Workflows

Micom was designed to create and analyze personalized metabolic models for microbial communities. This makes it necessary to run many of the analyses in micom for many samples. As all of the methods currently implemented in micom can be run independently for each sample this workload can be parallelized pretty easily. To make this simple micom provides a workflow module that lets you run analyses for many samples in parallel. It also integrate with the micom logger and has workarounds for some memory leaks in optlang which improves memory usage. As a rule of thumb for each sample you will need one CPU and about 1GB of RAM, so if you have a server with 16 cores and 16+GB of RAM available you can run up to 16 samples in parallel.
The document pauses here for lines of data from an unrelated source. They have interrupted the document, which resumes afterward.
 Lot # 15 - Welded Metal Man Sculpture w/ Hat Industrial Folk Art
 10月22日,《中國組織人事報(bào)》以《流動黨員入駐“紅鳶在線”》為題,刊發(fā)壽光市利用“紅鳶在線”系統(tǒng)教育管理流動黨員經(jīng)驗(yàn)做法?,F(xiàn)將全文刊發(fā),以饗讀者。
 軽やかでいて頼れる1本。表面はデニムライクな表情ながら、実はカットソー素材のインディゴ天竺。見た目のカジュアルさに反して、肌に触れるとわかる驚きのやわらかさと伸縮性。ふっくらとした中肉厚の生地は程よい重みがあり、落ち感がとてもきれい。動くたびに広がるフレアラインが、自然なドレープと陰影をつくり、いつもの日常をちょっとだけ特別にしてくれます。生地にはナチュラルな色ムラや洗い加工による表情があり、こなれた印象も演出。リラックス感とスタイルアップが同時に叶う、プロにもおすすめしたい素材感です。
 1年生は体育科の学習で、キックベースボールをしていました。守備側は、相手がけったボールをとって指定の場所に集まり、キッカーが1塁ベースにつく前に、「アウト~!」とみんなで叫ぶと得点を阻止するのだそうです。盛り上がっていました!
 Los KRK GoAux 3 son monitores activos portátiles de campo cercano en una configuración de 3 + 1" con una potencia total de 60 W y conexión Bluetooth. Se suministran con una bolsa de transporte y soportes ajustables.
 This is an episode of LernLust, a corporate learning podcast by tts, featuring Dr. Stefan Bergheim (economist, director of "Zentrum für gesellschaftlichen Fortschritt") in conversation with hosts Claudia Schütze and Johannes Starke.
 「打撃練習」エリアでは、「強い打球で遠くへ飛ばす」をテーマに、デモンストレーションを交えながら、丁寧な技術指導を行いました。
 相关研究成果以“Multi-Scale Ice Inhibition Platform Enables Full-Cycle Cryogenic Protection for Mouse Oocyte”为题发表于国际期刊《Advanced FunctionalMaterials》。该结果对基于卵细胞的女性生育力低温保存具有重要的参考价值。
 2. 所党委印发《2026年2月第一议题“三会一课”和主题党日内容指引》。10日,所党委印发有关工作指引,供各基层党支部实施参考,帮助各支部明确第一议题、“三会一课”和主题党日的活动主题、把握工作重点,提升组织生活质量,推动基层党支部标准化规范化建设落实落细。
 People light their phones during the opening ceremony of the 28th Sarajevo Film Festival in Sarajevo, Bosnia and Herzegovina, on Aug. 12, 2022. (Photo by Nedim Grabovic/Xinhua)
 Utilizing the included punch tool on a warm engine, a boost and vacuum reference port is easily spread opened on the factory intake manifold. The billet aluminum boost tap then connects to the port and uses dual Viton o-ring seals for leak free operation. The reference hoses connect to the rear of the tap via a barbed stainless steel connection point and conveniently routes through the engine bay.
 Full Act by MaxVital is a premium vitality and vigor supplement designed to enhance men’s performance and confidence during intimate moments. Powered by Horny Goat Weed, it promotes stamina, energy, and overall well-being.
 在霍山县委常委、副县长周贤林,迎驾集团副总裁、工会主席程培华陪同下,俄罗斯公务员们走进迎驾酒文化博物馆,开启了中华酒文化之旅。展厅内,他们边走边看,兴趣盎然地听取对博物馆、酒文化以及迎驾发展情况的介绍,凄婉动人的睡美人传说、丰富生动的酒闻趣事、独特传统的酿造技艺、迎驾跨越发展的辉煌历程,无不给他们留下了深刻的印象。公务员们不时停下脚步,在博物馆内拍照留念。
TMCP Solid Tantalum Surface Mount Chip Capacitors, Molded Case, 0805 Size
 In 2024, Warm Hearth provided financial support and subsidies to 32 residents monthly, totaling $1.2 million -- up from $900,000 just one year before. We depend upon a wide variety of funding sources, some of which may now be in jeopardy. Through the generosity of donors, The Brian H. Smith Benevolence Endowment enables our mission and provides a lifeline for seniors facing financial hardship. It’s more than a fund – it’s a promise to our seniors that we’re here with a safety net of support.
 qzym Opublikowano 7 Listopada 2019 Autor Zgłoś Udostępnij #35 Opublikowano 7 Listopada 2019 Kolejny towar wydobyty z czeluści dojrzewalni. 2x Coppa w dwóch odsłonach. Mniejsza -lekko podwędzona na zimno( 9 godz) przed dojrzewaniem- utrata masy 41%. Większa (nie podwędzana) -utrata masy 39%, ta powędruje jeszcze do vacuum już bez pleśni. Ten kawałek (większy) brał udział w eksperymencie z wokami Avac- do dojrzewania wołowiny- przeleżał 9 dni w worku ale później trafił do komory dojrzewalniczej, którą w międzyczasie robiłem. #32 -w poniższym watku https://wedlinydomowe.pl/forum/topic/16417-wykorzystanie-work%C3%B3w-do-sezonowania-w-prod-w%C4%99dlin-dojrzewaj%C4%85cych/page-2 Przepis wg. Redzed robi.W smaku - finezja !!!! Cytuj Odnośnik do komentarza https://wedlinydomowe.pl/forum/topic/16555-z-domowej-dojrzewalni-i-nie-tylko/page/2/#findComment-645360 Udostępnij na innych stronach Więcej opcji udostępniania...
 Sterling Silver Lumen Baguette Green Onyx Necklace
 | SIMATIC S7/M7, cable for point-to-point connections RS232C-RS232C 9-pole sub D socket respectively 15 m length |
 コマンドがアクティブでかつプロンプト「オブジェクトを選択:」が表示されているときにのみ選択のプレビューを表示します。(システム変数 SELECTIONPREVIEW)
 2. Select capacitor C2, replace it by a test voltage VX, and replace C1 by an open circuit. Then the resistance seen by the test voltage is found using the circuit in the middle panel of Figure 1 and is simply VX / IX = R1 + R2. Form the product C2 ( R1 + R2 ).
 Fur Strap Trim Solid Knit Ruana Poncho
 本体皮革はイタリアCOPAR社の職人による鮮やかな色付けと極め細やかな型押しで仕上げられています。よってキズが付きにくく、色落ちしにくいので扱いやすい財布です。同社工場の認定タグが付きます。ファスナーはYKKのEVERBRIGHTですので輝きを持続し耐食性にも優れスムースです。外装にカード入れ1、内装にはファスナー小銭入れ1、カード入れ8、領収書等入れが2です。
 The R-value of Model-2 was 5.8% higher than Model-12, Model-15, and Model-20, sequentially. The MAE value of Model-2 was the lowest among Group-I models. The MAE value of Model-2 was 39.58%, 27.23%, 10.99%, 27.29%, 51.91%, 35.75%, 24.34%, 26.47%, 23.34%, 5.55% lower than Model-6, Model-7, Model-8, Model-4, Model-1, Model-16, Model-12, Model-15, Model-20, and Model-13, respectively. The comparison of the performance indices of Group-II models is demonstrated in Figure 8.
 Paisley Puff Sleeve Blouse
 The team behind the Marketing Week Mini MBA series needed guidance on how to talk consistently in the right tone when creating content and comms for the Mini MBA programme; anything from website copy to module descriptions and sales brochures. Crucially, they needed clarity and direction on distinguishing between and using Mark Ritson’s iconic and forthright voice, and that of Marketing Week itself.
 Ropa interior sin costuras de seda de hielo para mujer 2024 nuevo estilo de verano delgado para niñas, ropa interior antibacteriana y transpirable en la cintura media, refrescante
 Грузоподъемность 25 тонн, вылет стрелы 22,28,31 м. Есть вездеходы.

For a workflow you will need two things:

  1. A function that takes arguments for a single sample and performs your analysis
  2. A list of arguments for each sample

Let us understand this better with a short example. Let us assume that we want to run the cooperative tradeoff method for our E. coli example with varying numbers of E. coli strains.

In [1]:
from micom.data import test_taxonomy

taxonomies = [test_taxonomy(n=n) for n in range(2, 12)]
taxonomies[2]
Out[1]:
id genus species reactions metabolites file
0 Escherichia_coli_1 Escherichia Eschericia coli 95 72 /home/cdiener/code/micom/micom/data/e_coli_cor...
1 Escherichia_coli_2 Escherichia Eschericia coli 95 72 /home/cdiener/code/micom/micom/data/e_coli_cor...
2 Escherichia_coli_3 Escherichia Eschericia coli 95 72 /home/cdiener/code/micom/micom/data/e_coli_cor...
3 Escherichia_coli_4 Escherichia Eschericia coli 95 72 /home/cdiener/code/micom/micom/data/e_coli_cor...

This will be our arguments. Each entry in taxonomies defines a single sample so we have 10 samples in total. Now we need a function that takes a single samples’ arguments as input (as set of abundances) and runs the cooperative tradeoff method. So let us implement that:

In [2]:
from micom import Community

def run_tradeoff(tax):
    com = Community(tax, progress=False, solver="gurobi")
    sol = com.cooperative_tradeoff()
    return sol.members

This is all we need to run the analysis in parallel.

In [3]:
from micom.workflows import workflow

results = workflow(run_tradeoff, taxonomies, n_jobs=2)
100%|██████████| 10/10 [00:06<00:00,  1.57sample(s)/s]

results is a list that contains one entry for each result (in the correct order).

In [4]:
results[2]
Out[4]:
abundance growth_rate reactions metabolites
compartments
Escherichia_coli_1 0.25 0.873922 95 72
Escherichia_coli_2 0.25 0.873922 95 72
Escherichia_coli_3 0.25 0.873922 95 72
Escherichia_coli_4 0.25 0.873922 95 72
medium NaN NaN 20 20